Stored entries:

###

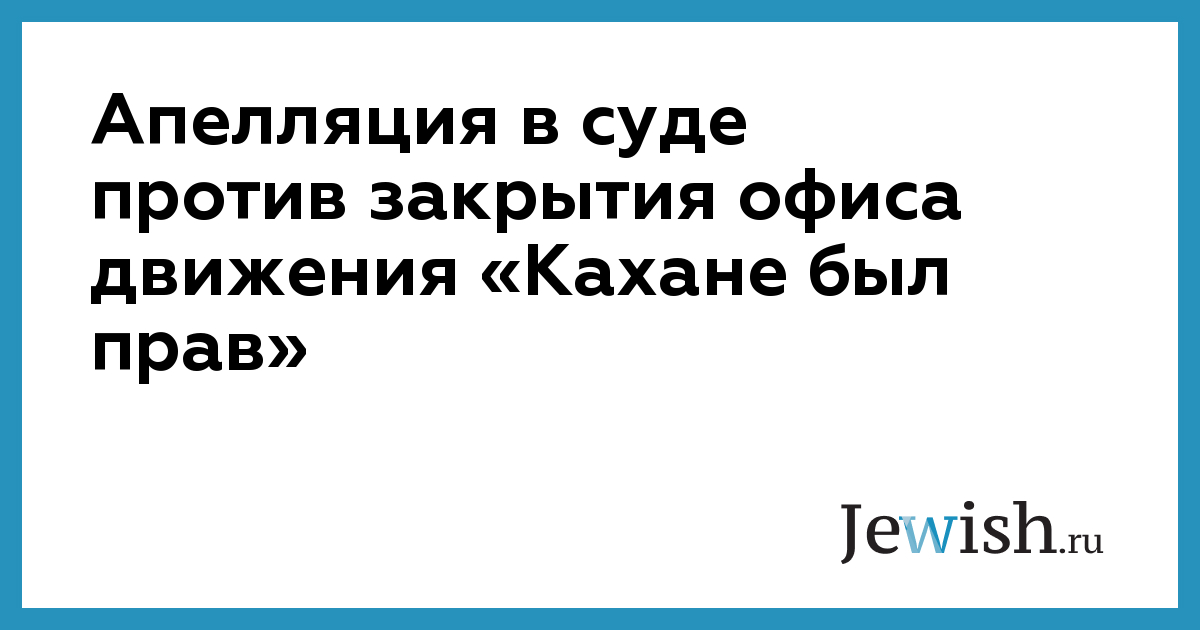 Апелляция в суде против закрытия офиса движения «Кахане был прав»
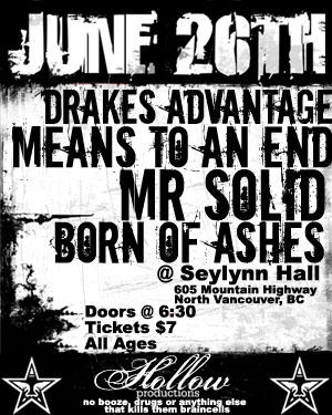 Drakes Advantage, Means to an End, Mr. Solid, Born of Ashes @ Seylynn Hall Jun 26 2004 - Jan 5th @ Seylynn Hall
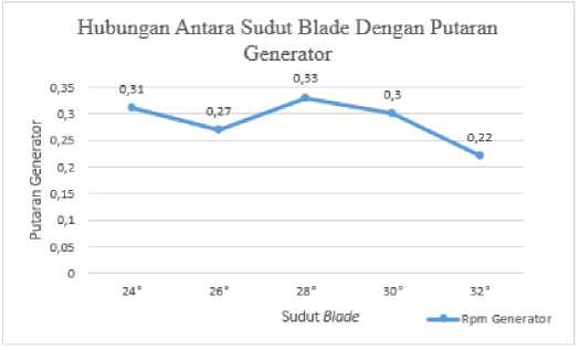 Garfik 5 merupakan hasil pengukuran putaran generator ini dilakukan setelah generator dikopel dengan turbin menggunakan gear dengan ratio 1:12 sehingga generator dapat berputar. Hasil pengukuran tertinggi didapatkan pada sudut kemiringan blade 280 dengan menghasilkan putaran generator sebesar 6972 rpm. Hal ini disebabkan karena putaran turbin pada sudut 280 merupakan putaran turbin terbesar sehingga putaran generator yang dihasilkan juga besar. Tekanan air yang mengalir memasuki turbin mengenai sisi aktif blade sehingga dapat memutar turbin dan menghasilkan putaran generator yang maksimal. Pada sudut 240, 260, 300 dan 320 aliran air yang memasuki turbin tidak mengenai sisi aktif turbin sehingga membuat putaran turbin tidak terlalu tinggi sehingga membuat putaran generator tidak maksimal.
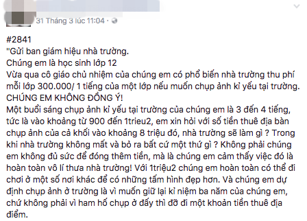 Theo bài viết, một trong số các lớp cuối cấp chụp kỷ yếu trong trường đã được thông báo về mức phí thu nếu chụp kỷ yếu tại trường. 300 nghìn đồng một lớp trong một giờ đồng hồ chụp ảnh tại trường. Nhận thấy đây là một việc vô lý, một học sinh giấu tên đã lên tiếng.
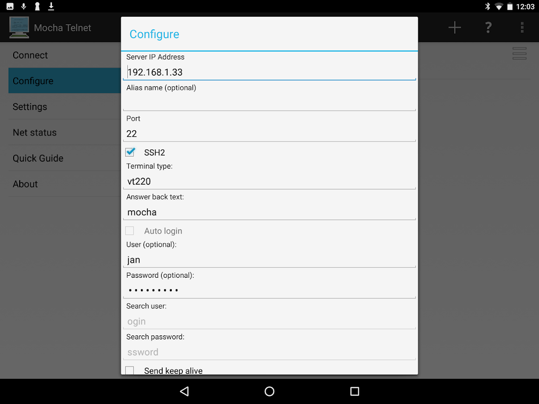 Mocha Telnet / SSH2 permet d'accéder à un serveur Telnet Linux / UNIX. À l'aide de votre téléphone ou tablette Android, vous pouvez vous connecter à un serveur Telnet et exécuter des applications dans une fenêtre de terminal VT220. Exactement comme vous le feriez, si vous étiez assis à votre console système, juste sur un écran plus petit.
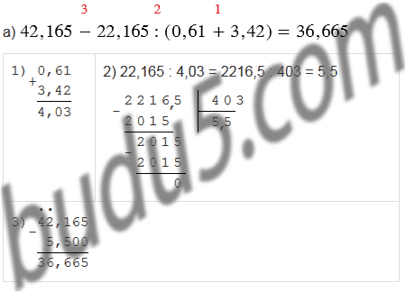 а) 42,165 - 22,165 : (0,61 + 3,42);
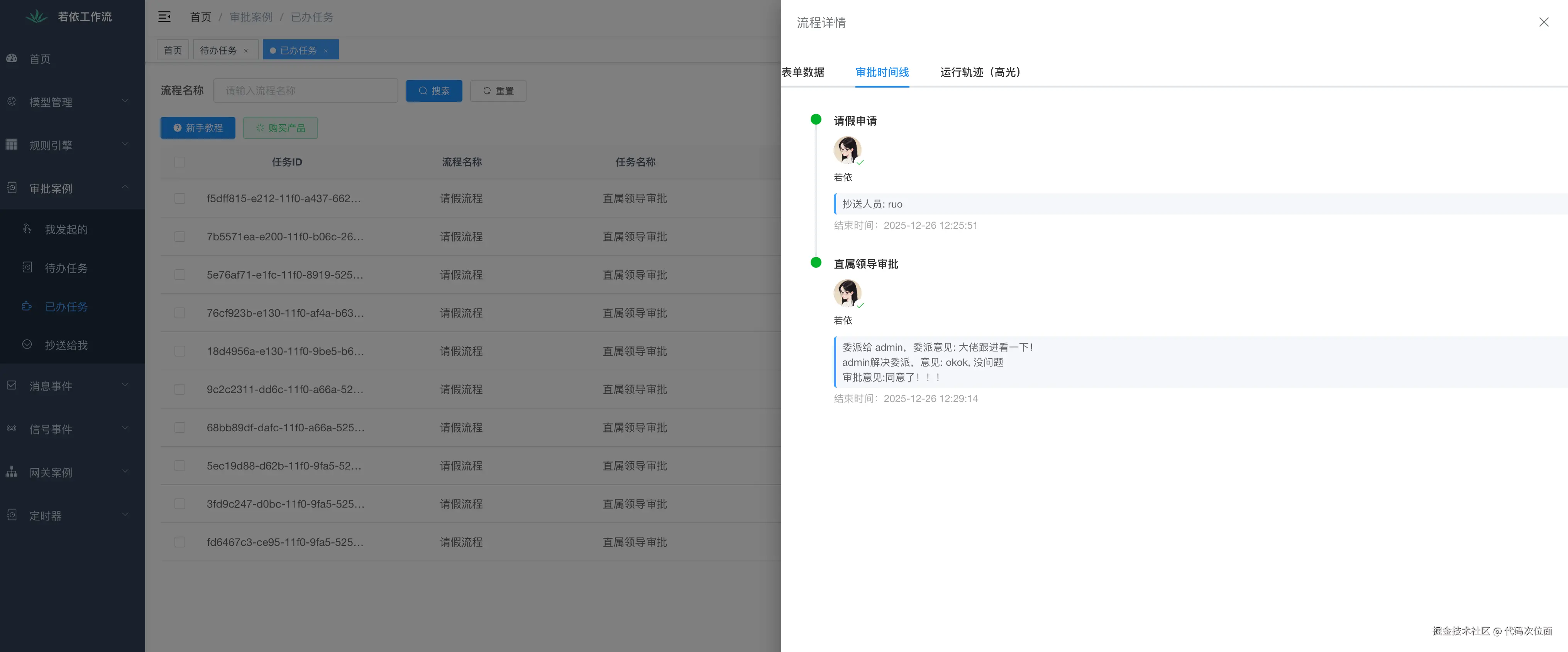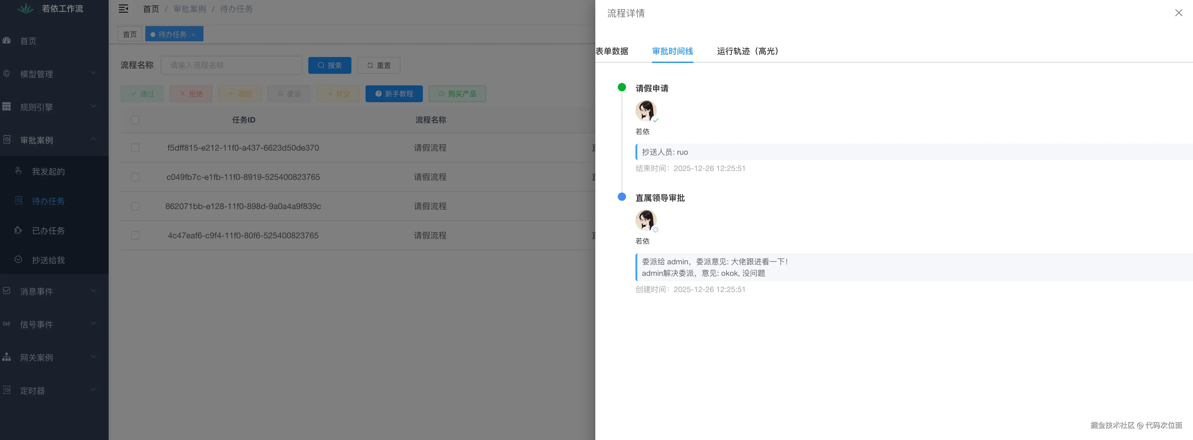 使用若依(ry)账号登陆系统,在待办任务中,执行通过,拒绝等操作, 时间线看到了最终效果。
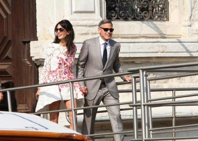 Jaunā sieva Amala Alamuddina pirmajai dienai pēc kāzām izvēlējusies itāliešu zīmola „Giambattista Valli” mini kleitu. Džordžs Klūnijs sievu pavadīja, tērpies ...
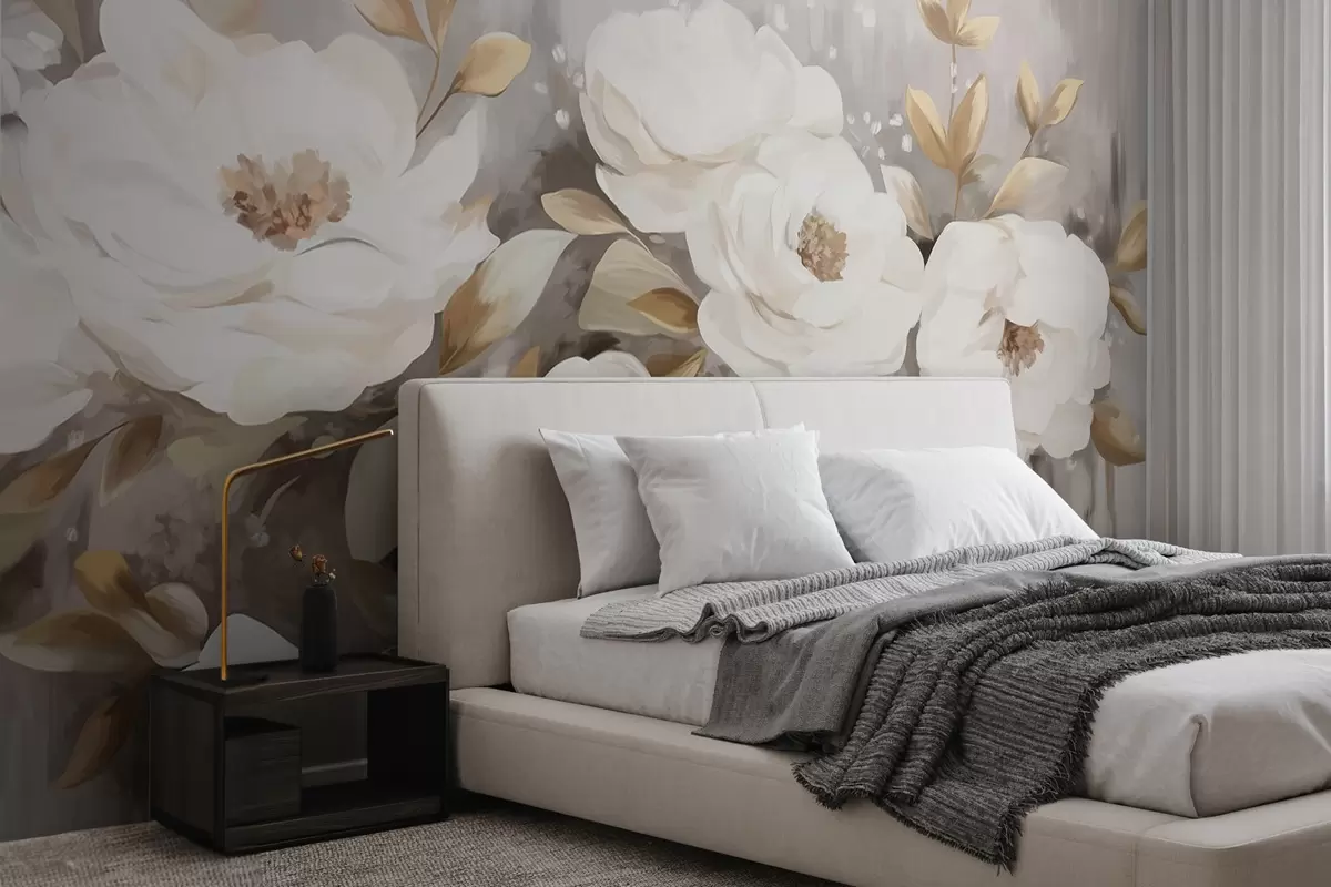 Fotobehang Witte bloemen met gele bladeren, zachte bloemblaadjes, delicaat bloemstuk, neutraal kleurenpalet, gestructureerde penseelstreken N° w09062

###

TASK DESCRIPTION » Once the pictures are set aside, write out the entries verbatim.

REPLY »
 Апелляция в суде против закрытия офиса движения «Кахане был прав»
 Drakes Advantage, Means to an End, Mr. Solid, Born of Ashes @ Seylynn Hall Jun 26 2004 - Jan 5th @ Seylynn Hall
 Garfik 5 merupakan hasil pengukuran putaran generator ini dilakukan setelah generator dikopel dengan turbin menggunakan gear dengan ratio 1:12 sehingga generator dapat berputar. Hasil pengukuran tertinggi didapatkan pada sudut kemiringan blade 280 dengan menghasilkan putaran generator sebesar 6972 rpm. Hal ini disebabkan karena putaran turbin pada sudut 280 merupakan putaran turbin terbesar sehingga putaran generator yang dihasilkan juga besar. Tekanan air yang mengalir memasuki turbin mengenai sisi aktif blade sehingga dapat memutar turbin dan menghasilkan putaran generator yang maksimal. Pada sudut 240, 260, 300 dan 320 aliran air yang memasuki turbin tidak mengenai sisi aktif turbin sehingga membuat putaran turbin tidak terlalu tinggi sehingga membuat putaran generator tidak maksimal.
 Theo bài viết, một trong số các lớp cuối cấp chụp kỷ yếu trong trường đã được thông báo về mức phí thu nếu chụp kỷ yếu tại trường. 300 nghìn đồng một lớp trong một giờ đồng hồ chụp ảnh tại trường. Nhận thấy đây là một việc vô lý, một học sinh giấu tên đã lên tiếng.
 Mocha Telnet / SSH2 permet d'accéder à un serveur Telnet Linux / UNIX. À l'aide de votre téléphone ou tablette Android, vous pouvez vous connecter à un serveur Telnet et exécuter des applications dans une fenêtre de terminal VT220. Exactement comme vous le feriez, si vous étiez assis à votre console système, juste sur un écran plus petit.
 а) 42,165 - 22,165 : (0,61 + 3,42);
 使用若依(ry)账号登陆系统,在待办任务中,执行通过,拒绝等操作, 时间线看到了最终效果。
 Jaunā sieva Amala Alamuddina pirmajai dienai pēc kāzām izvēlējusies itāliešu zīmola „Giambattista Valli” mini kleitu. Džordžs Klūnijs sievu pavadīja, tērpies ...
 Fotobehang Witte bloemen met gele bladeren, zachte bloemblaadjes, delicaat bloemstuk, neutraal kleurenpalet, gestructureerde penseelstreken N° w09062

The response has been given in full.